Traditionally, there are two approaches to a problem that affects most organisations now. At one extreme there is a lock-down, with mandates that only a certain device or devices based on a certain operating system be used. The BBC went through these growing pains some years ago, as revealed by silicon.com.
At the other end of the spectrum are organisations that bury their heads in the sand. We see this all too often, where otherwise well-run networks get all sorts of devices connecting to them unchecked. (And in case you ask, yes, iPods can be a danger here too – one of the reasons we follow that market.)
But BA is thinking differently. With the help of one main partner, a mobile middleware provider, it has told some 500 or so executives that, within reason, they can use devices of their choice.

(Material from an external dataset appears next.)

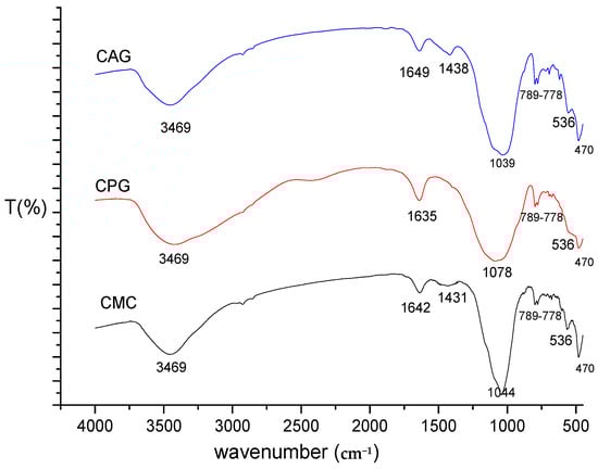 This phenomenon was further corroborated by the pH of the resulting immersion water. Specifically, in the case of the CPG material, no significant pH variation was observed. For instance, if we began with distilled water with a pH of 7 and the obtained pH was 6.12, the pH variation was only 0.88. Conversely, a more significant pH variation was observed in the case of the CAG material. In fact, if we started with distilled water with a pH of 7 and the obtained pH was 9.97, we observed a pH variation of 2.97. This indicates that material dissolution and structural destruction were more pronounced in association with the alkaline route.

Sure, there are management issues, but as one analyst in this space pointed out, this is far better than letting all sorts of problems come in under the radar screen.
In a similar way, we are increasingly seeing all sorts of organisations realise that far from trying to dictate which wireless networks their staff use, they should try to remain open-minded.
At this week's WLAN Event show in London, that has been a theme. Much like the days of PDAs surreptitiously being synced beside work PCs, we all know the stories about wireless LAN access points being connected to networks on individuals' desks. (Actually more likely underneath them, out of site, but that's a minor detail.) The idea was that if employers weren't going to set up flexible working in an office, hey, an IT literate staffer would.
Spot the trends here? In this age of options when it comes to technology, it is hard if not impossible to ignore the ways that staff want to work. Trying to control behaviour – whether that be a device that is used or a bearer technology – rather than simplifying matters often leads to bigger problems.
That's why we back choice in the way we work, wherever possible – and, indeed, wherever economical.
But there is another good reason to ride this particular train. If a member of staff is choosing a Bluetooth connection one minute, Wi-Fi the next, then maybe 3G at another point in time, or if they are married to a particular smart phone, maybe, just maybe, there's a good reason for that.